Set down, exactly and only, everything from the line containing "In the truss" down to the line containing "Our culture revolves" in the data below; the pictures are not part of the copy.

• MATERIAL FOR THIS TASK
——————

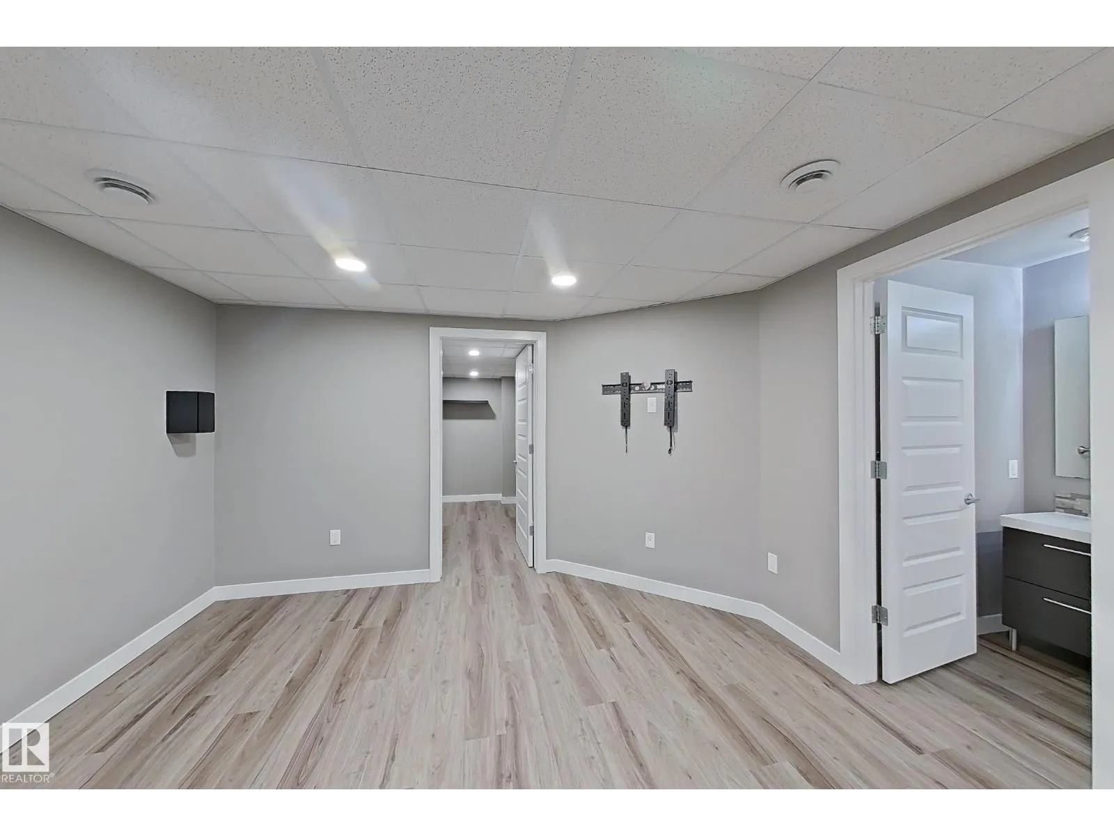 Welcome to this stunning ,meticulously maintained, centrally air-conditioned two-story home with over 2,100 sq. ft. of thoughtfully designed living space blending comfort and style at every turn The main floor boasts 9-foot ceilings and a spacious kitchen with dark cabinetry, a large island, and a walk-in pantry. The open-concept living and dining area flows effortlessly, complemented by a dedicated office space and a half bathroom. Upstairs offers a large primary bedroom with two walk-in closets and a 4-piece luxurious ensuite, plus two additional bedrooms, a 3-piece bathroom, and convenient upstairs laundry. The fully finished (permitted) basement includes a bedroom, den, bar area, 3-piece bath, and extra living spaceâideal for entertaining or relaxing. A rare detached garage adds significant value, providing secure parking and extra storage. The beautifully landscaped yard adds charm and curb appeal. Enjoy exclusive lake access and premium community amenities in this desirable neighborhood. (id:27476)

——————

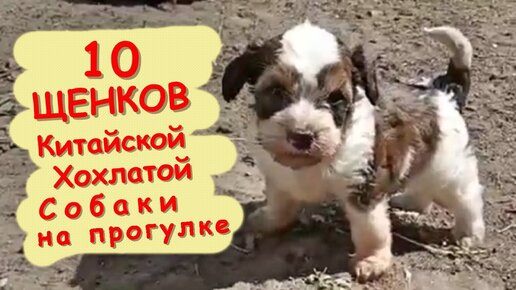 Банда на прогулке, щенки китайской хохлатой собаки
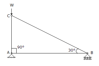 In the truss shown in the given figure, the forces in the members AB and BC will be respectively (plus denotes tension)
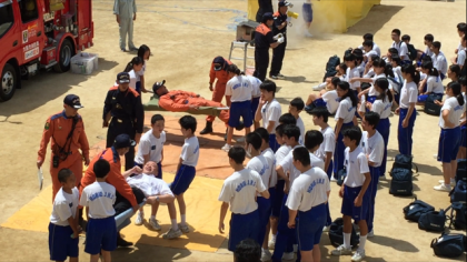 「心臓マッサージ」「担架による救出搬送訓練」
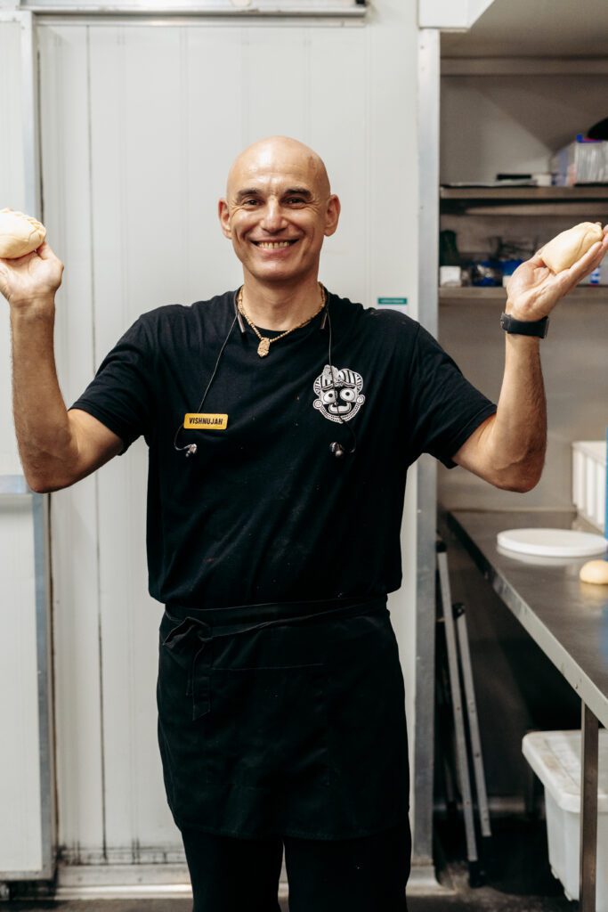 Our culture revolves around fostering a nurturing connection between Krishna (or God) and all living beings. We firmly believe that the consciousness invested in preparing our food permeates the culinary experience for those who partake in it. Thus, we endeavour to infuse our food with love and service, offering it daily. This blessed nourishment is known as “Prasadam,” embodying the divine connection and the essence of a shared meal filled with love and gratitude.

——————

• TASK RESPONSE
 In the truss shown in the given figure, the forces in the members AB and BC will be respectively (plus denotes tension)
 「心臓マッサージ」「担架による救出搬送訓練」
 Our culture revolves around fostering a nurturing connection between Krishna (or God) and all living beings. We firmly believe that the consciousness invested in preparing our food permeates the culinary experience for those who partake in it. Thus, we endeavour to infuse our food with love and service, offering it daily. This blessed nourishment is known as “Prasadam,” embodying the divine connection and the essence of a shared meal filled with love and gratitude.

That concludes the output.